Выбрать главу

Лунная ночь уже вовсю мучила старика. Несколько раз он обошел их скромную дачку. Шел травой и спотыкался... Прямоугольник ее окна не погас. Еще она не спит.

Старик (а кому другому?) выговаривал высокой в небе луне:

— Нехорошо. Нехорошо!.. Зачем такие женщины?

Ей небось нет двадцати трех... На лице — завораживающие Алабина (те самые) робость и ранимость. Обманка женской природы, она самая! — вот только зачем ему вся эта одурь опять, если он стар?..

Как вдруг Алабин ясно услышал в ночной тьме голос Ани:

— Ни слова я ему не говорю сердитого! Ни жалобы!

Да, да, он услышал вдруг — ее звонкий (робко звонкий) голос оказался совсем близко.

— Ни слова. Ни словца ему упрека... Ах, говорю, наконец и ты! Вернулся... Какой, говорю, молодец!

Только теперь Алабин расслышал еще и шаги за кустом боярышника. Шуршание медленных шагов... С Аней кто-то шел рядом.

— Все эти два года в браке с ним я привыкала. — Голос Ани. — То у него друзья-друзья-друзья... То у него шахматы-шахматы-шахматы... Тридцать лет, а все увлекается... Но зато на работе он — трудяга!
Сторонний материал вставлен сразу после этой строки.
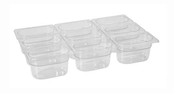 Гастроємність для зберігання харчових продуктів виготовлена з прозорого полікарбонату. Прозора гастроємність дуже міцна і стійка до ударів, не вбирає запах і смак продуктів. Гастроємність для ресторану має мірну шкалу на стінці, також вона безпечна для здоров'я навіть за високої температури до 110°С.

Что правда, то правда.

— Нда-аа, — протянула ее собеседница. — Мужья народ боевой.

Старческая хрипотца... Алабин тотчас узнал по голосу Михеевну — ту каргу, что помогала убирать у них на даче.

— Юг или не юг — не знаю, поедем ли, — продолжала Аня. — Работы ему уже опять подбросили. А Антон, я же говорю, трудяга. Трудоголик...

Аня, похоже, вышла проводить Михеевну за калитку — Петр Петрович хорошо видел их за боярышником. Приостановились.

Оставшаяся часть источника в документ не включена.